Harnessing Machine Learning in Payments – Digital payments changing the face of the payments industry, with mobile money on the foundation of data science and machine learning there is a complete transformation. This transformation is leading to a desirable growth for new digital economies. The adoption of the existing system by new technologies like artificial intelligence, 4G and big data indicating that we still have a long way to go to become a cashless society.
This is the second post in sequence to my earlier blog post “Machine Learning in FinTech – Demystified“.
Today in payments machine learning is one of many advanced, most talked, critical and important tool for analytics. This has got its place in the business toolbox with a lot of pride and respect. The main objective is to depict how Machine learning can and has already extended into so many aspects of daily life. ML gets the problem-solving call in conjunction with deep learning artificial neural networks.
As these jargons i.e AI, ML, DL or ANN etc may be getting their day in the sun, but they’ve been around for a while. It’s just in the past 5-10 years that they have gained traction, technology that was once the niche is now becoming more mainstream and cost-effective reaching to common man. Until recent machine learning was known as historical phenomena in the worlds of academia and supercomputing. This is part 3 in this series first part was Artificial Intelligence for Digital Payments Security and the second part was Data Science of Payments.
Artificial Intelligence domain in payments
Artificial Intelligence domain is still very new and at just initial stage. Trust me no one in today’s time (at least I don’t believe anyone who says he/she know everything about AI) knows the full domain/scope/boundaries of AI. AI as a bundle of emerging technologies don’t have limits thus are dangerous as well. From the info-security fit point, machine learning techniques are a great fit though. To improve the info-security for financial security and to go expand beyond fraud detection is what experts are busy trying to.
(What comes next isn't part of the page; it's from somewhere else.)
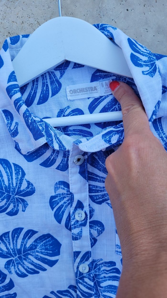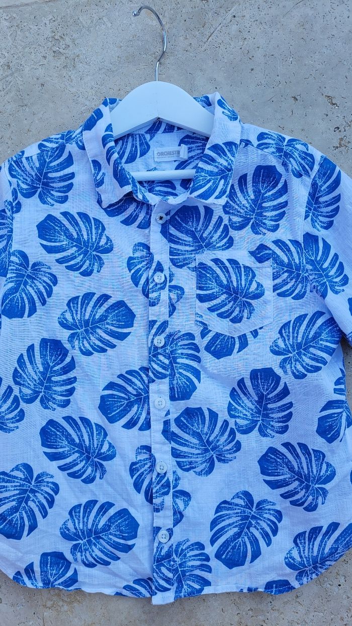 Chemisette légère blanche à feuillage bleu orchestra 6ans

Due to nature, working model and to be effective machine learning it is very important to have clean, quality and large dynamic data set. Training, testing and choosing the best algorithm to apply for analysis can be a tedious task as well. It can get trained and learn consumer behaviour by tracking certain patterns and behavioural biometrics to give ml algorithms flying wings. When behaviour changes algorithm can raise alarm, it can detect subtle shifts in the underlying data, and then revise algorithms accordingly.
Machine Learning in Payments
Machine learning is not new in the payments industry its well known and familiar tool primarily used in credit card transaction monitoring game at the basic level. In the card industry, rule-based learning algorithms play important roles in the near real-time authorization of transactions. I am sure these application companies will admit that it’s very early days for this proposed future. As such, all of these assistants are far from polished. That said, I would agree that most AI applications nowadays are indeed using or will use ML soon.
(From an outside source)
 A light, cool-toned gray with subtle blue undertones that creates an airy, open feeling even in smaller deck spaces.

ML can be handy for us to do some tasks much better than human impact in certain industries. For instance, we might think of fraud detection as the canonical example of machine learning in the financial sector. Currently, the majority of machine learning approaches in info-security is used merely as basic “alarm” or as simple “warning” system. Which often needs human intervention to take action and make the decision which may not happen after a few years down the line.
As a result, humans have the final decision due to their lower false rates any critical or important decision on payment intelligence matter. Maybe few years down the line from now our immediate reaction to the same question’s (As mentioned above) answer would be “Please don’t hurt us”. Just to describe on a simple and high level; the three widely used terms i.e. Artificial Intelligence, Machine Learning and DeepLearning can be arranged as below. Deep learning, which is itself a kind of machine learning is becoming more popular and successful at different use case.
BaaS & BaaP in Payments
BaaS (Banking as a Service) came as a friend which a package of best deals i.e best analytics blended with artificial intelligence, data intelligence, payment intelligence, Big Data and really deep technology with help of deep learning i.e selfie based payments. Platform to perform BaaS software service BaaP (Banking as a Platform) got emerged, for all such companies to break bank’s attitude as they were long seen as a highly technical, highly complex with rocket science technology.
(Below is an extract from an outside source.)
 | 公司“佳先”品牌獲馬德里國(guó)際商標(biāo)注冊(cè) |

Behavioural biometrics is the undisputed example of machine learning for information security. You may merely have to look at a variety of ubiquitous technological experiences you undergo each day and find a myriad of machine learning applications at your core of the day. Companies have started managing their data like they manage their money. Recommendation engines at Netflix and Amazon are the best examples of machine learning in retail.
In a matter of the next ten years or less, AI will be ingrained in everything we do today. Today we ask what AI can do for us other than harming as described by some big names of this industry. It’s a basic but profound question that merits some thoughts based on my 19 years experience managing/running/ developing / designing both information and financial technology functions in technology and data businesses. Long and short of it AI can do and have done a lot of good things.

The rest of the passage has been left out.